Duduka Da Fonseca: The Guy From Ipanema
"Intuition is something that, in some ways, we're missing. Because we have so much information through computers and technology that intuition sometimes...People forget about how important it is to use when you go to a situation to play and you need to learn the music at that time. If you don't read music, you can use your intuition to develop something and play and react to the music. It helps you to react. Listen to the direction of the soloist. Or sometimes you can even use your intuition to predict, in order to synchronize with the soloist and with the way the music is going, so you get in synch by developing your intuition. You get in synch to follow where the music is going in a more spiritual manner, not just reading the part; that is when you become a personal artist in whatever you do."
A very personal statement to the drummer was the first recording under his own name. It resulted in Samba Jazz Fantasia (Anzic, 2002), a project that is close to his heart.
"One of the most touching things happened in 2000 before I became 50," he recalls. "I said I want to do an album. It was my first solo album. Before that I made a few albums with Trio da Paz and as a co-leader I did a few albums, and recorded with a bunch of people. But that was my first solo album. I called a few of my good friends I had been playing and recording with through the years. So I called 11 Brazilians and 11 Americans. Among them were people from Trio da Paz-Romero Lubambo and Nilson Matta-and my American friends, like Tom Harrell, Joe Lovano, John Scofield, Eddie Gomez, [pianist] Marc Copland-a bunch of people.
"I produced everything the best way I could. My wife (Maucha Adnet) helped me a lot to organize the session because there were 22 musicians. I tried to sell the album to record companies. For more than one year, nobody wanted to buy it. They would says, 'It's beautiful music, but..." There was always 'But.' Finally, a small company from Ohio said we don't have money, but we can give you X-amount of albums and you can recover some of the money you spent when we release the album. And they did. And six or eight months later it was nominated for an American Grammy. So I wasn't doing something that wrong, you know?," he says with rightful satisfaction.
The album is superb samba jazz, from top to bottom, the musicians working in different combinations exquisitely, bringing great tunes-including four originals-to life. "I'm on a mission to make it popular, this style of music, a mix of Brazilian and American jazz," he says. Da Fonseca's recorded output has been steady and consistently exceptional since that session.
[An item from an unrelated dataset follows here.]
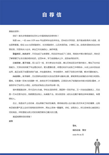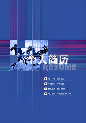 取名蓝色无疆,封面大面积的蓝色配以骏马奔驰,无疆无界,任君自由驰骋,发挥才能。配有自荐信。

He admits it is "a non-stop battle" to make a good living and keep things moving for a jazz artist in today's turbulent times for the U.S. economy and in a music business climate that is in the midst of major changes. "I'm not crying the blues. I'm very thankful for everything I have." He's been getting more recognition for his accomplishments over the years. It may have taken a while, but it is greatly deserved.
"I'm happy people are realizing there's something there. You feel your work is being heard, and that is encouraging," he notes as he looks back. "To have the chance to play with those great American musicians is fantastic. That's the reason I moved to America, to have the opportunity to play with my idols. I was lucky enough to play and record with [alto saxophonists] Phil Woods and Lee Konitz, Gerry Mulligan, Eddie Gomez ... As a teenager, I used to play with the album Bill Evans at Montreux Jazz Festival (Verve, 1968), with Eddie Gomez and [drummer] Jack DeJohnette. I used to play along with that, then years later to be able to play with (Gomez's) trio is super rewarding."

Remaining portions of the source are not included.